Work in progress on this section…
Today Portland dominates the confluence of the Willamette River and the Columbia River. But it was not always so. In fact when Lewis and Clark passed by they missed seeing the Willamette River altogether, because at that time it was obscured by two island that lay across its confluence. Lying closer to Sauvie Island, Coon Island obscured the view of the tributary. Eventually was later incorporated into Sauvie’s Island at a place now called Belle Vue Point. On the southern side of the confluence Pearcy’s Island effectively blocked the view of the stately Willamette River
An 1854 cadastral survey (tax survey) for T2N R1W showed two islands at the mouth of the Willamette River. The island on the north side of the mouth of the Willamette would eventually merge with Sauvie Island and would become today’s Belle Vue Point. The island on the south side of the mouth of the Willamette when merged with mainland Oregon would become Kelley Point. The map also shows a small island off of the Kelley Point island which also would become part of Kelley Point, and a second small island in the slough separating the Kelley Point island from mainland Oregon, which would become part of mainland Oregon.

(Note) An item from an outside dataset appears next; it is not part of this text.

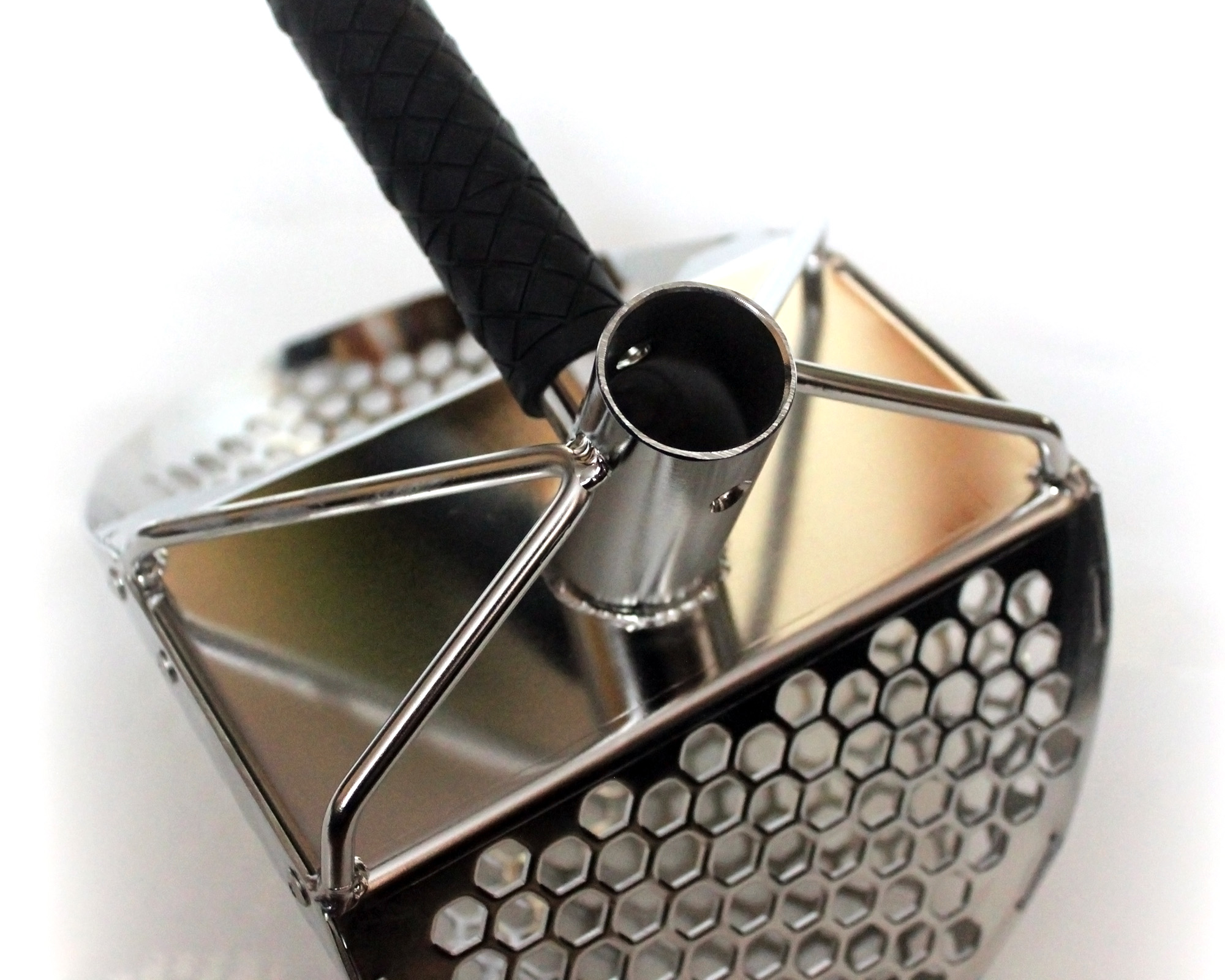 Czerpak sita V2 jest wykonany w przekroju owalnym z powycinanymi sześciokątnymi otworami o wielkości 10mm i posiada 8 krawędzi tnących. Możliwość zamocowania drążka o przekroju 29mm, dzięki któremu nie trzeba się schylać np. brodząc w głębszej wodzie. Sito V2 jest trochę mniejsze i lżejsze do modelu V1.

An 1888 U.S. Coast and Geodetic Survey Chart “Columbia River Sheet No.6, Fales Landing to Portland” has the same four islands, with sand bars in the sloughs separating the islands from land. The mouth of the Willamette River runs between the islands. “Coon I.” was the island off of Sauvie Island, “Pearcy’s Island” was the island which was to become Kelley Point and “Pearcy’s Slough” separated the island from mainland Oregon. “Ramsey’s I.” was the small island in the slough and “Nigger Tom I.” was the small island off of Pearcy’s Island which would later become part of Kelley Point.